With the pictures removed, the data below must be transcribed in full and exactly.

(RECORDS FOR PROCESSING begins)

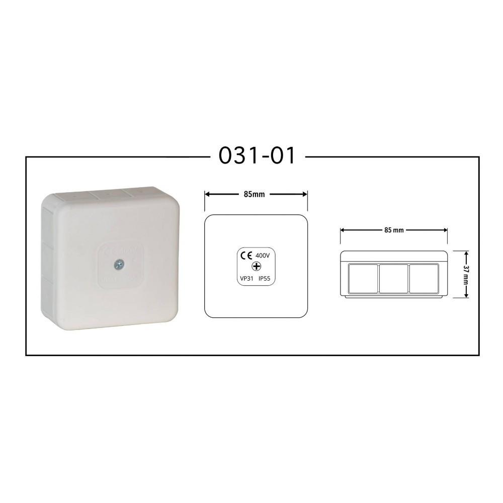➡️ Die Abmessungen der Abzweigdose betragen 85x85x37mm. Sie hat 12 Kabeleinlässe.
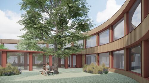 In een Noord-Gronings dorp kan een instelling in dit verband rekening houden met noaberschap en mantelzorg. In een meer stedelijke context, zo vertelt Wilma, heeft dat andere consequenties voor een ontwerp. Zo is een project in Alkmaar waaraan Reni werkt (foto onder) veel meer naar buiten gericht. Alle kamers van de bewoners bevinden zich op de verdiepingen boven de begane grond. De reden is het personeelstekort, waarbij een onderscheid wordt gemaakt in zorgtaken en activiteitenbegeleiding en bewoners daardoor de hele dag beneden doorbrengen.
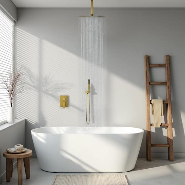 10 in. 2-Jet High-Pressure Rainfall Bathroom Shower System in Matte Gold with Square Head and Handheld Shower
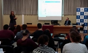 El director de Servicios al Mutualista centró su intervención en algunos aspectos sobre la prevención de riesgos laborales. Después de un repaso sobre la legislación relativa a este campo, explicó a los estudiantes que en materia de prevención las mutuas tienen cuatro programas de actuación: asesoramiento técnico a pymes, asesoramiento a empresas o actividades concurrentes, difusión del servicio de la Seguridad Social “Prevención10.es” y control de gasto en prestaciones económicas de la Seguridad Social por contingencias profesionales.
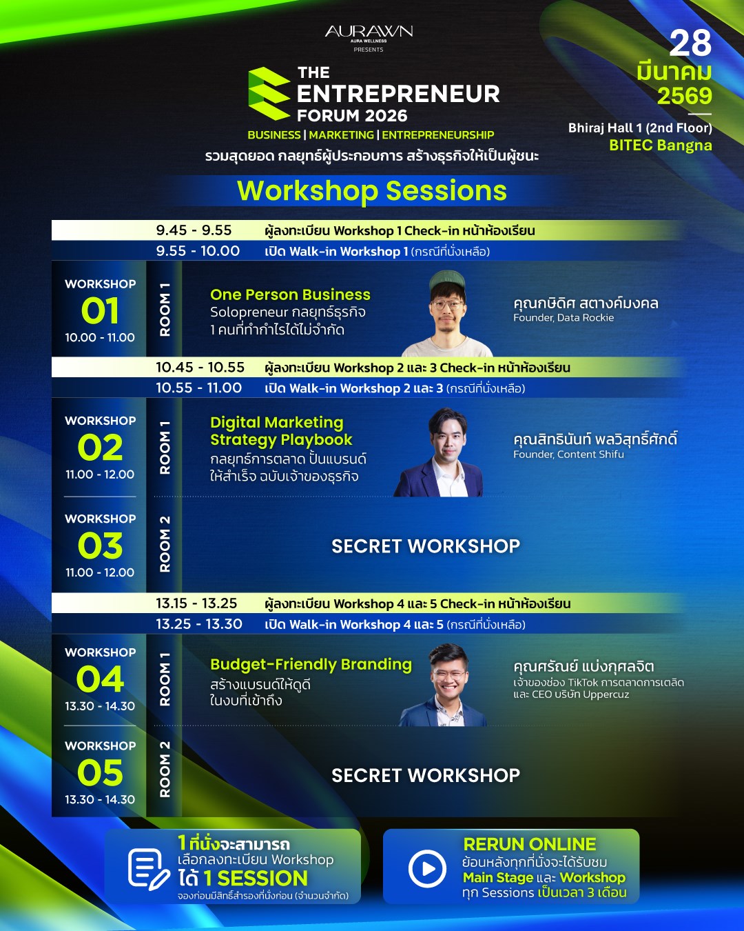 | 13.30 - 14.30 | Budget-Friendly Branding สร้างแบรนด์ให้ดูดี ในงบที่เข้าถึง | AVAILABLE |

(RECORDS FOR PROCESSING ends)

**ANSWER TO THIS EXERCISE**:
➡️ Die Abmessungen der Abzweigdose betragen 85x85x37mm. Sie hat 12 Kabeleinlässe.
 In een Noord-Gronings dorp kan een instelling in dit verband rekening houden met noaberschap en mantelzorg. In een meer stedelijke context, zo vertelt Wilma, heeft dat andere consequenties voor een ontwerp. Zo is een project in Alkmaar waaraan Reni werkt (foto onder) veel meer naar buiten gericht. Alle kamers van de bewoners bevinden zich op de verdiepingen boven de begane grond. De reden is het personeelstekort, waarbij een onderscheid wordt gemaakt in zorgtaken en activiteitenbegeleiding en bewoners daardoor de hele dag beneden doorbrengen.
 10 in. 2-Jet High-Pressure Rainfall Bathroom Shower System in Matte Gold with Square Head and Handheld Shower
 El director de Servicios al Mutualista centró su intervención en algunos aspectos sobre la prevención de riesgos laborales. Después de un repaso sobre la legislación relativa a este campo, explicó a los estudiantes que en materia de prevención las mutuas tienen cuatro programas de actuación: asesoramiento técnico a pymes, asesoramiento a empresas o actividades concurrentes, difusión del servicio de la Seguridad Social “Prevención10.es” y control de gasto en prestaciones económicas de la Seguridad Social por contingencias profesionales.
 | 13.30 - 14.30 | Budget-Friendly Branding สร้างแบรนด์ให้ดูดี ในงบที่เข้าถึง | AVAILABLE |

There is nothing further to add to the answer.